**Task details:** From the first line of the material below through the line containing "Sleepwear Women's Summer", print every line exactly as it stands, but no pictures.

-------

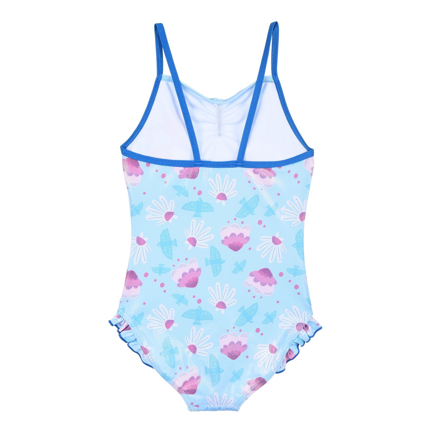 Girls' Disney Frozen Elsa swimsuit in blue, with a glitter print design.
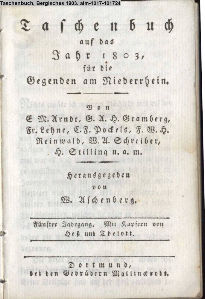 Taschenbuch / auf das / Jahr 1803, / für die / Gegenden am Niederrhein. / Von E. M. Arndt, G. A. H. Gramberg, / Fr. Lehne, C. F. Pockels, F. W. H. / Reinwald, W. A. Schreiber, / H. Stilling u. a. m. / Herausgegeben / von / W. Ascheberg. / Fünfter Jahrgang. Mit Kupfern von / Heß und Thelott. / Dortmund, / bei den Gebrüdern Mallinckrodt
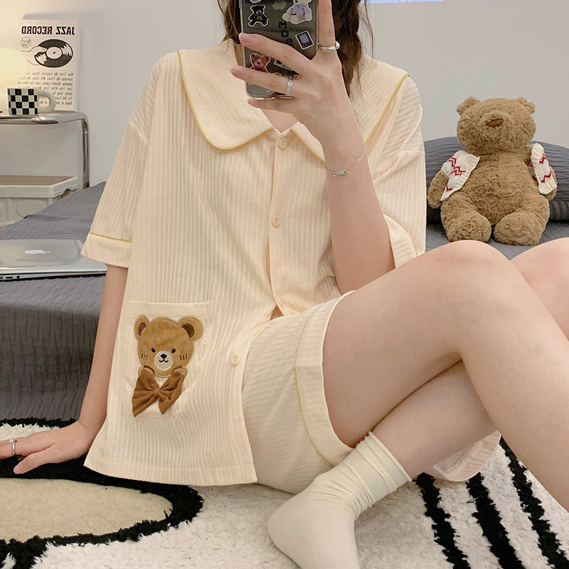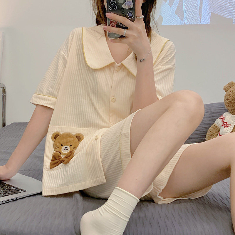 Sleepwear Women's Summer 2022 New Pure Cotton Short Sleeve Cute Spring Summer Thin size Large size Senior Sensation Home Suit Suit
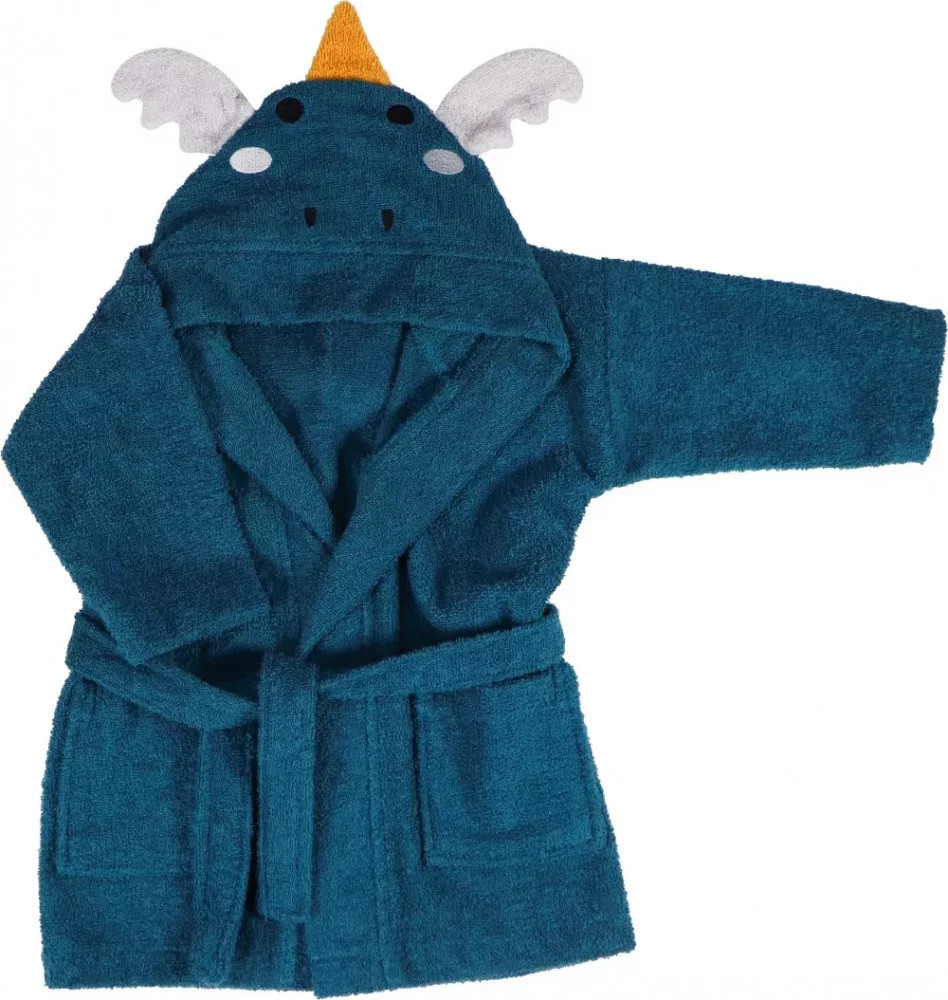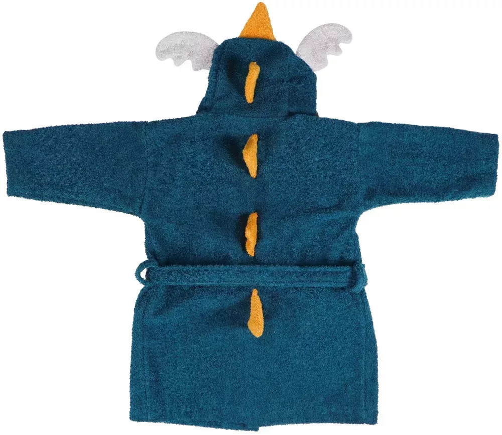 Ezen a fürdőköpenyen a Sárkány aranyos arca és füle látható, amikor a gyermek felveszi a kapucnit. A fürdőköpeny puha frottírból készült, és finom tapintású a baba finom bőrén. A köpeny övvel rögzíthető, és két tároló tasakkal rendelkezik. Kapható 0-1 éves vagy 1-2 éves méretben.
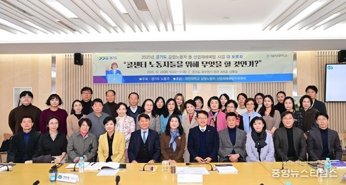 (중앙뉴스타임스 = 방재영 기자) 경기도는 23일 경기도 북부청사 상황실에서 ‘2025년 경기도 감정노동자 등 산업재해 예방’ 사업 성과 공유 및 토론회를 열고 한 해 동안 추진해 온 감정노동자 보호 사업에 대한 현장의 목소리를 청취했다.
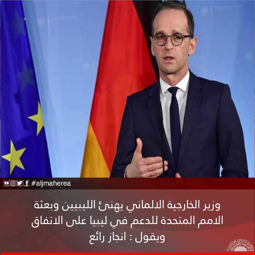 قال وزير الخارجية الالماني في تغريدة له على موقع التواصل الاجتماعي تويتر انه ما زال هناك الكثير من العمل في الانتظار والذي سنقوم من أجله بدعم الليبيين وبعثة الأمم المتحدة للدعم في ليبيا.
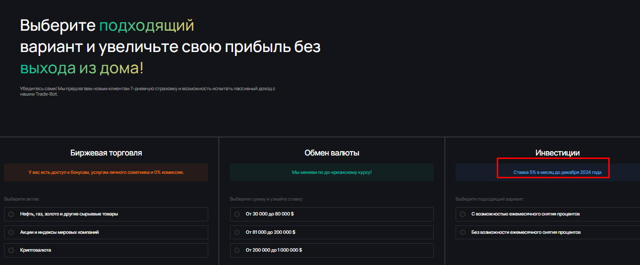 - услуги компании – биржевая торговля, обмен валюты “по докризисному курсу”, и инвестиции со ставкой 5%.
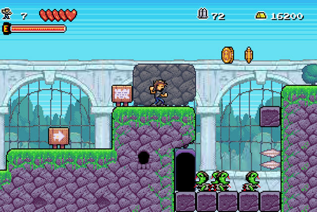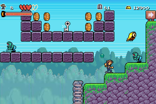 这款游戏可以说是借鉴了很多游戏,包括经典的横版游戏恶魔城与马里奥。你在游戏中需要通过收集钥匙来消除障碍并且获得一些其他的道具,否则无法顺利过关。
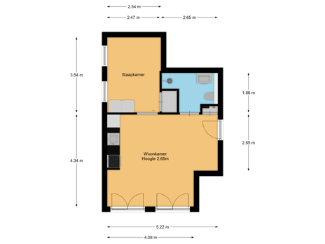 - 4 m² (2,00 meter diep en 2,00 meter breed)
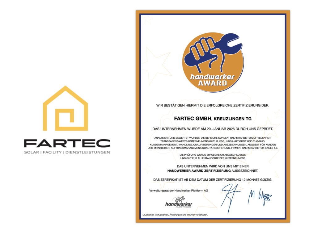 Die FARTEC GmbH hat mit dieser erfolgreichen Zertifizierung ihre Position als verlässlicher, kundenorientierter und zukunftsorientierter Qualitätsbetrieb im Bereich Photovoltaik und Energielösungen in der Schweiz unter Beweis gestellt.

-------

**Reply:**
 Girls' Disney Frozen Elsa swimsuit in blue, with a glitter print design.
 Taschenbuch / auf das / Jahr 1803, / für die / Gegenden am Niederrhein. / Von E. M. Arndt, G. A. H. Gramberg, / Fr. Lehne, C. F. Pockels, F. W. H. / Reinwald, W. A. Schreiber, / H. Stilling u. a. m. / Herausgegeben / von / W. Ascheberg. / Fünfter Jahrgang. Mit Kupfern von / Heß und Thelott. / Dortmund, / bei den Gebrüdern Mallinckrodt
 Sleepwear Women's Summer 2022 New Pure Cotton Short Sleeve Cute Spring Summer Thin size Large size Senior Sensation Home Suit Suit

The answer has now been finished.